_EXERCISE BRIEF_
Write the records out exactly, so that no picture remains in the copy.

_DATA EXCERPTS_

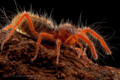 The underside of solifugids’ last pair of legs carries strange organs known as malleoli. Their exact function is not known, but they appear to be very sensitive scent organs. [Canon 7D, Canon 100mm macro, 3 speedlights Canon 580EXII]
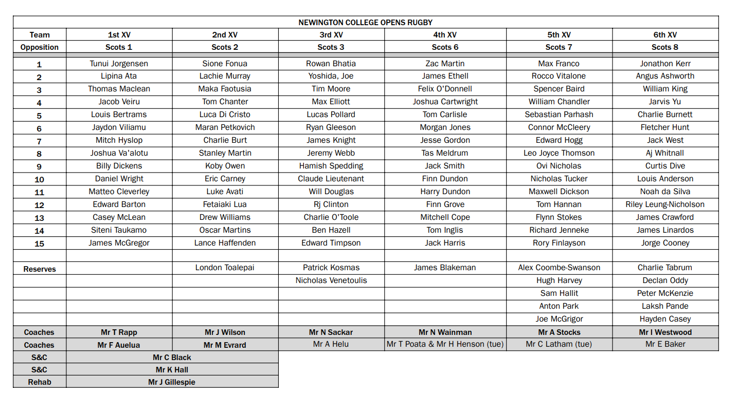 With about 9 players unavailable, clearly, Newington 's Depth with be tested. As I write the weather with it's rain, will most likely favour a slower, forwards based game.Reminder that this is very early trials, and there is definitely some experimenting going on and Jesse McLean (previously no 13.) and Oliver Townsend (usually number 10 or 12) are unavailable for the firsts.
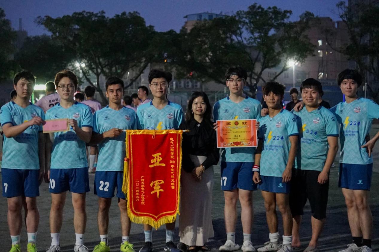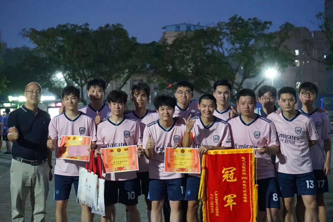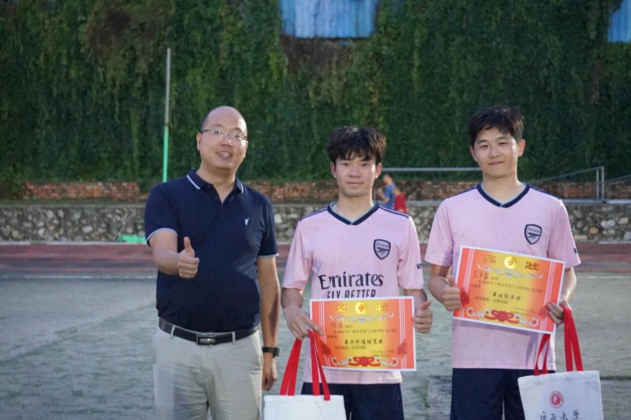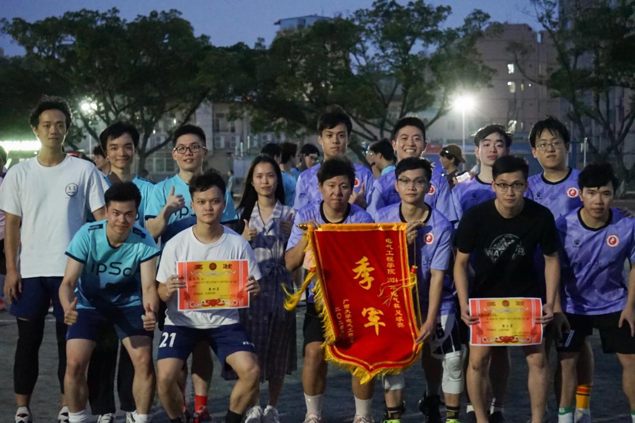 5月17日下午,我院“电气杯”足球赛总决赛和季军争夺赛同时在东校园体育场开赛,学院党委书记梁志坚、党委副书记李道洋,辅导员李楠、李浩铭、何惠榕、冯敏到现场观赛并为参赛队伍加油助威。 春夏交际,场上稍有炎热,跑动起来凉风阵阵,正是太阳成集团122ccvip运动健儿们驰骋绿茵场的大好时机。本次“电气杯”足球比赛包括教职工队在内,总共12支队伍,113人参赛。东校园体育场上,星研联队与电气221和224班联队上演冠军争夺战,电自216和电创211班联队与最优化队展开季军角逐战。 “运筹帷幄,决胜千里”是双方队员开赛前的博弈,根据各自的情况和对对手的了解,各队都制定了详尽的战略部署。在队员们严密配合、进攻和防守中,比赛精彩片段频出,令观众目不暇接。 双方比分始终咬紧,赛况紧张激烈。最终随着哨声响起,比赛结果尘埃落定,而运动员们的矫健身影,给观众留下了深刻印象,成为一种激励人奋进拼搏的精神动力。 狭路相逢勇者胜,本次强强对决中,凭借高超的水平和沉着冷静的定力,星研联队荣获冠军,电气221和224班联队惜败荣获亚军,电自216和电创211班联队荣获季军! 冠军 李道洋副书记为冠军星研联队颁奖 亚军 李楠老师为亚军电气221和224班联队颁奖 季军 冯敏老师为季军电自216和电创211班联队、第四名最优化队颁奖 李道洋副书记为最佳射手吴卓霖(右一) 最具价值球员徐浩(中间)颁奖 夏天来临的五月,正是青春跃动的时节,少年的每一次冲刺,每一脚射门,就像一株新发的萌芽破土而出、一次对人生高峰的勇于攀登。不论结果如何,这群奋进的电气学子,定会在今后的人生长河中,如这个夏天一般一次次勇往直前,踢出属于自己的盛夏。 合影留念
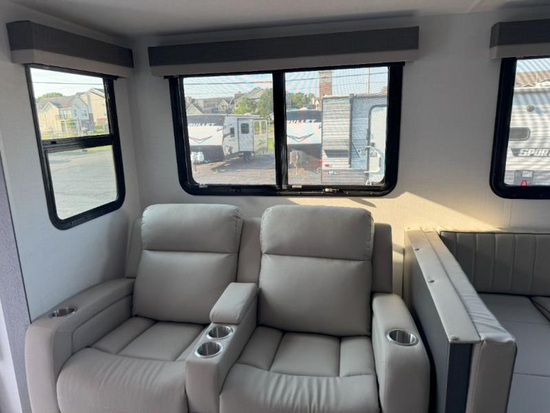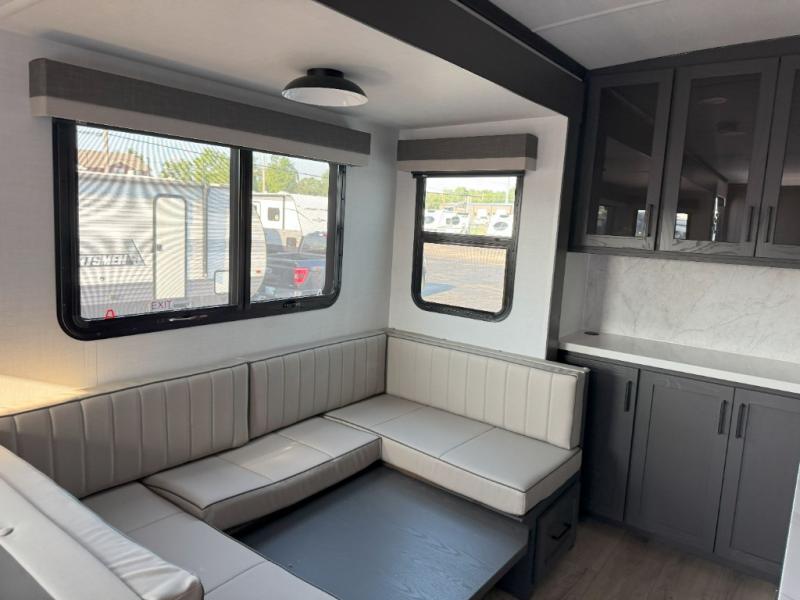 With any Rockwood Signature fifth wheel or travel trailer by Forest River RV, you will enjoy superior construction that includes laminated white fiberglass sidewalls, a radius roof with vaulted interior ceilings, plus radiant foil insulation and an enclosed underbelly for use in all types of weather. Some convenient exterior features include Keyed Alike locks, a rear ladder, a 200W solar panel, and a tire pressure monitor system with a monitor for added safety. The interior offers a One Touch OneControl panel with WeRV app control, for lights, awning, slides, water heater and more, and the Air 360+ omnidirectional antenna with WiFi prep lets you work while away from home if needed. You will also appreciate the interior vaulted ceilings, residential soft close doors and drawers, solid surface kitchen countertops, and designer kitchen backsplash!
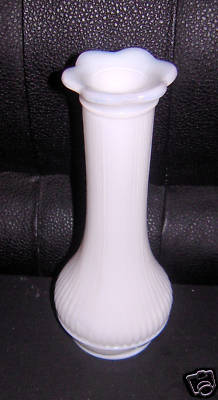 Milk Glass Bud Vase Ribbed Flower Top Unique 6 1/4"
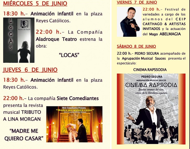 'Cinema Rapsodia' será con el espectáculo que estará este sábado 8 de junio en Vistalegre (Cartagena) a las 22h. 'Cinema Rapsodia' está en gira con Sinfónicas y bandas de música de todo el pais, es un espectáculo diferente que fusiona la magia de Pedro Segura recitando e interpretando los mejores poemas de la literatura nacional, con las bandas sonoras más icónicas del cine de la mano de la Agrupación Musical Sauces. Segura ha querido hacer un show especial donde con grandes sorpresas que nos esperan en esta noche mágica.
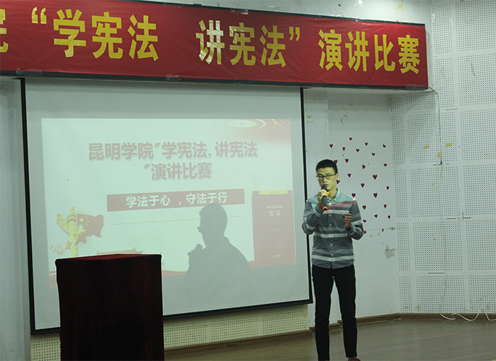 9月13日,昆明學(xué)院“學(xué)憲法,講憲法”演講比賽在青年中心111報告廳成功舉行。經(jīng)過十八家院系初賽,由每個院系推薦了一名選手參加此次演講比賽。十八家院系的學(xué)生代表以及學(xué)生會主席團成員、全體干部,共計三百余名同學(xué)觀看了此次“學(xué)憲法,講憲法”演講比賽。此次比賽由學(xué)生處副處長王子龍、團委副書記沈嘉、團委副書記郎易、宣傳部周權(quán)、馬克思主義學(xué)院肖磊擔(dān)任評委。
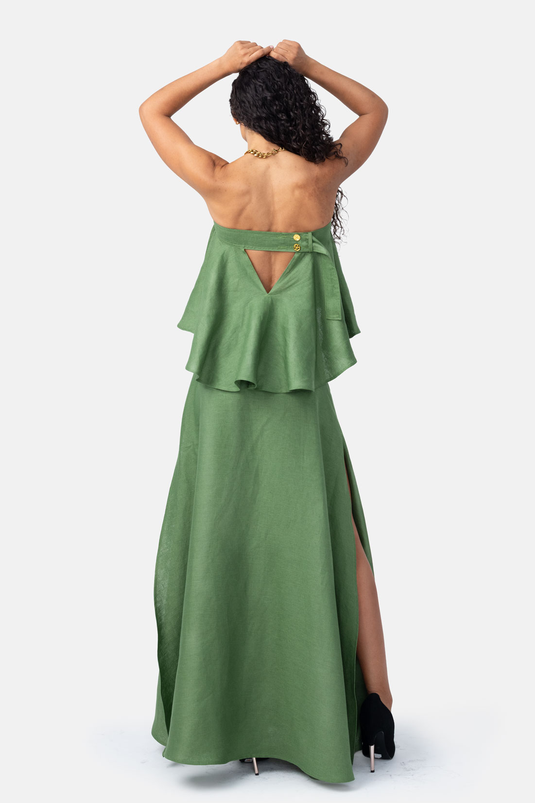 Yes—the strapless silhouette is supported by an internal bust tie with three adjustable settings. This allows the black linen maxi dress to contour securely to your upper body while maintaining its relaxed, flowing shape through the skirt.
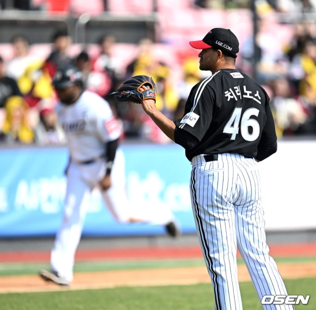 LG는 마운드에서 아쉬움을 보였다. 외국인 1선발 요니 치리노스가 3⅓이닝(61구) 동안 3피안타(1피홈런) 1볼넷 1탈삼진 3실점을 했다. 좀처럼 헛스윙을 유도하지 못하면서(6개) 승부를 어렵게 가져갔고 4회에는 홈런 포함 장타를 연달아 허용, 패전 투수가 됐다. 구원 등판한 정우영(⅓이닝)과 송승기(1⅓이닝)도 각각 두 차례 볼넷을 내주는 등 불안한 피칭을 했고, 김대현도 ⅔이닝 1피안타(1피홈런) 1볼넷 1탈삼진 2실점으로 부진했다.
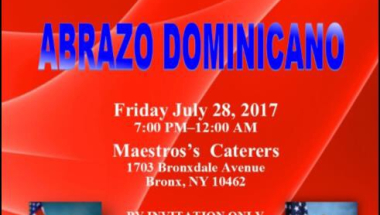 "Abrazo Dominicano" is a completely free for 500 people (by invitation only) annual banquet, that will take place on Friday July 28, 20017 from 7:00 pm to 12:00 am at Maestro’s Caterers, located at 1703 Bronxdale Avenue, Bronx, New York.
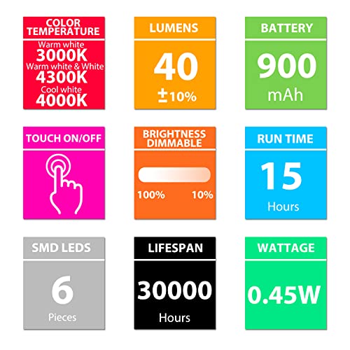 【Lampada da lettura per bambini con luminosità regolabile】 Ogni luminosità della luce può essere dimmerabile dal 100% al 10%. Basta premere e tenere premuto l'interruttore a sfioramento sulla testa della luce. Ideale per studiare, leggere, viaggiare, cucire, truccare, lavorare, ecc.
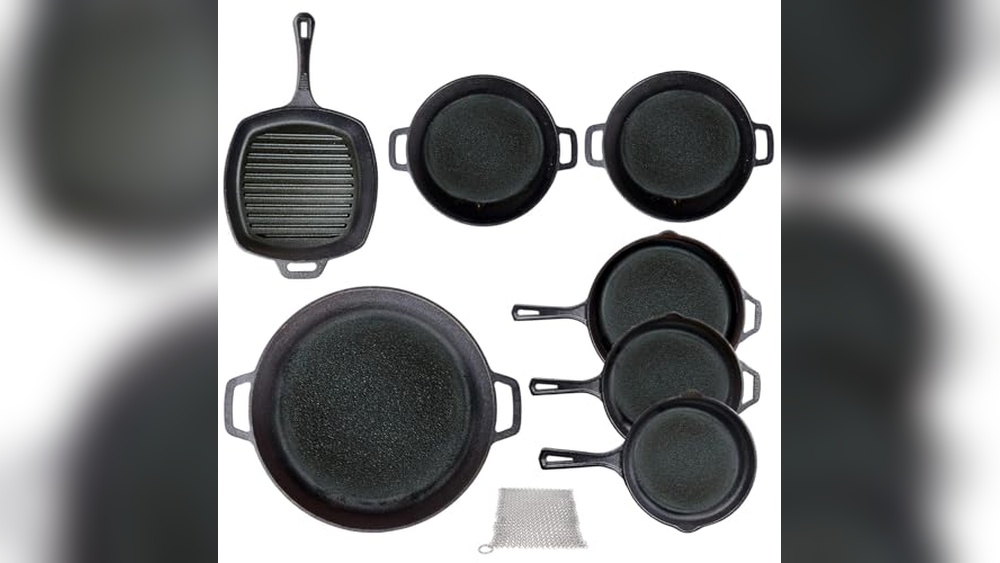 1. Bruntmor 8 Piece Cast Iron Cookware Set – Pre-Seasoned Pots and Pans Set with Cast Iron Skillets, Grill Pan, Dutch Oven, Pizza Pan, and Scrubber – Heavy Duty Cooking for Home Kitchen or Camping
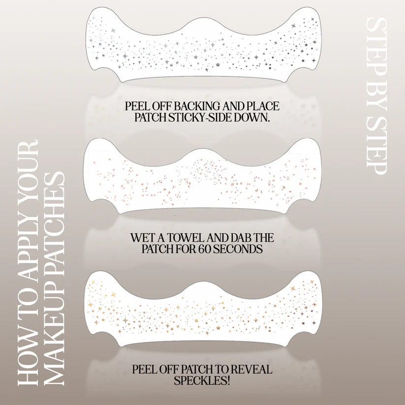 Freknuplástrarnir eru einfaldir í notkun og skilja eftir glitrandi áferð sem endist í allt að 3 daga - en er líka einfalt að fjarlægja með förðunarhreinsir.

_RESPONSE TO THE EXERCISE_
 The underside of solifugids’ last pair of legs carries strange organs known as malleoli. Their exact function is not known, but they appear to be very sensitive scent organs. [Canon 7D, Canon 100mm macro, 3 speedlights Canon 580EXII]
 With about 9 players unavailable, clearly, Newington 's Depth with be tested. As I write the weather with it's rain, will most likely favour a slower, forwards based game.Reminder that this is very early trials, and there is definitely some experimenting going on and Jesse McLean (previously no 13.) and Oliver Townsend (usually number 10 or 12) are unavailable for the firsts.
 5月17日下午,我院“电气杯”足球赛总决赛和季军争夺赛同时在东校园体育场开赛,学院党委书记梁志坚、党委副书记李道洋,辅导员李楠、李浩铭、何惠榕、冯敏到现场观赛并为参赛队伍加油助威。 春夏交际,场上稍有炎热,跑动起来凉风阵阵,正是太阳成集团122ccvip运动健儿们驰骋绿茵场的大好时机。本次“电气杯”足球比赛包括教职工队在内,总共12支队伍,113人参赛。东校园体育场上,星研联队与电气221和224班联队上演冠军争夺战,电自216和电创211班联队与最优化队展开季军角逐战。 “运筹帷幄,决胜千里”是双方队员开赛前的博弈,根据各自的情况和对对手的了解,各队都制定了详尽的战略部署。在队员们严密配合、进攻和防守中,比赛精彩片段频出,令观众目不暇接。 双方比分始终咬紧,赛况紧张激烈。最终随着哨声响起,比赛结果尘埃落定,而运动员们的矫健身影,给观众留下了深刻印象,成为一种激励人奋进拼搏的精神动力。 狭路相逢勇者胜,本次强强对决中,凭借高超的水平和沉着冷静的定力,星研联队荣获冠军,电气221和224班联队惜败荣获亚军,电自216和电创211班联队荣获季军! 冠军 李道洋副书记为冠军星研联队颁奖 亚军 李楠老师为亚军电气221和224班联队颁奖 季军 冯敏老师为季军电自216和电创211班联队、第四名最优化队颁奖 李道洋副书记为最佳射手吴卓霖(右一) 最具价值球员徐浩(中间)颁奖 夏天来临的五月,正是青春跃动的时节,少年的每一次冲刺,每一脚射门,就像一株新发的萌芽破土而出、一次对人生高峰的勇于攀登。不论结果如何,这群奋进的电气学子,定会在今后的人生长河中,如这个夏天一般一次次勇往直前,踢出属于自己的盛夏。 合影留念
 With any Rockwood Signature fifth wheel or travel trailer by Forest River RV, you will enjoy superior construction that includes laminated white fiberglass sidewalls, a radius roof with vaulted interior ceilings, plus radiant foil insulation and an enclosed underbelly for use in all types of weather. Some convenient exterior features include Keyed Alike locks, a rear ladder, a 200W solar panel, and a tire pressure monitor system with a monitor for added safety. The interior offers a One Touch OneControl panel with WeRV app control, for lights, awning, slides, water heater and more, and the Air 360+ omnidirectional antenna with WiFi prep lets you work while away from home if needed. You will also appreciate the interior vaulted ceilings, residential soft close doors and drawers, solid surface kitchen countertops, and designer kitchen backsplash!
 Milk Glass Bud Vase Ribbed Flower Top Unique 6 1/4"
 'Cinema Rapsodia' será con el espectáculo que estará este sábado 8 de junio en Vistalegre (Cartagena) a las 22h. 'Cinema Rapsodia' está en gira con Sinfónicas y bandas de música de todo el pais, es un espectáculo diferente que fusiona la magia de Pedro Segura recitando e interpretando los mejores poemas de la literatura nacional, con las bandas sonoras más icónicas del cine de la mano de la Agrupación Musical Sauces. Segura ha querido hacer un show especial donde con grandes sorpresas que nos esperan en esta noche mágica.
 9月13日,昆明學(xué)院“學(xué)憲法,講憲法”演講比賽在青年中心111報告廳成功舉行。經(jīng)過十八家院系初賽,由每個院系推薦了一名選手參加此次演講比賽。十八家院系的學(xué)生代表以及學(xué)生會主席團成員、全體干部,共計三百余名同學(xué)觀看了此次“學(xué)憲法,講憲法”演講比賽。此次比賽由學(xué)生處副處長王子龍、團委副書記沈嘉、團委副書記郎易、宣傳部周權(quán)、馬克思主義學(xué)院肖磊擔(dān)任評委。
 Yes—the strapless silhouette is supported by an internal bust tie with three adjustable settings. This allows the black linen maxi dress to contour securely to your upper body while maintaining its relaxed, flowing shape through the skirt.
 LG는 마운드에서 아쉬움을 보였다. 외국인 1선발 요니 치리노스가 3⅓이닝(61구) 동안 3피안타(1피홈런) 1볼넷 1탈삼진 3실점을 했다. 좀처럼 헛스윙을 유도하지 못하면서(6개) 승부를 어렵게 가져갔고 4회에는 홈런 포함 장타를 연달아 허용, 패전 투수가 됐다. 구원 등판한 정우영(⅓이닝)과 송승기(1⅓이닝)도 각각 두 차례 볼넷을 내주는 등 불안한 피칭을 했고, 김대현도 ⅔이닝 1피안타(1피홈런) 1볼넷 1탈삼진 2실점으로 부진했다.
 "Abrazo Dominicano" is a completely free for 500 people (by invitation only) annual banquet, that will take place on Friday July 28, 20017 from 7:00 pm to 12:00 am at Maestro’s Caterers, located at 1703 Bronxdale Avenue, Bronx, New York.
 【Lampada da lettura per bambini con luminosità regolabile】 Ogni luminosità della luce può essere dimmerabile dal 100% al 10%. Basta premere e tenere premuto l'interruttore a sfioramento sulla testa della luce. Ideale per studiare, leggere, viaggiare, cucire, truccare, lavorare, ecc.
 1. Bruntmor 8 Piece Cast Iron Cookware Set – Pre-Seasoned Pots and Pans Set with Cast Iron Skillets, Grill Pan, Dutch Oven, Pizza Pan, and Scrubber – Heavy Duty Cooking for Home Kitchen or Camping
 Freknuplástrarnir eru einfaldir í notkun og skilja eftir glitrandi áferð sem endist í allt að 3 daga - en er líka einfalt að fjarlægja með förðunarhreinsir.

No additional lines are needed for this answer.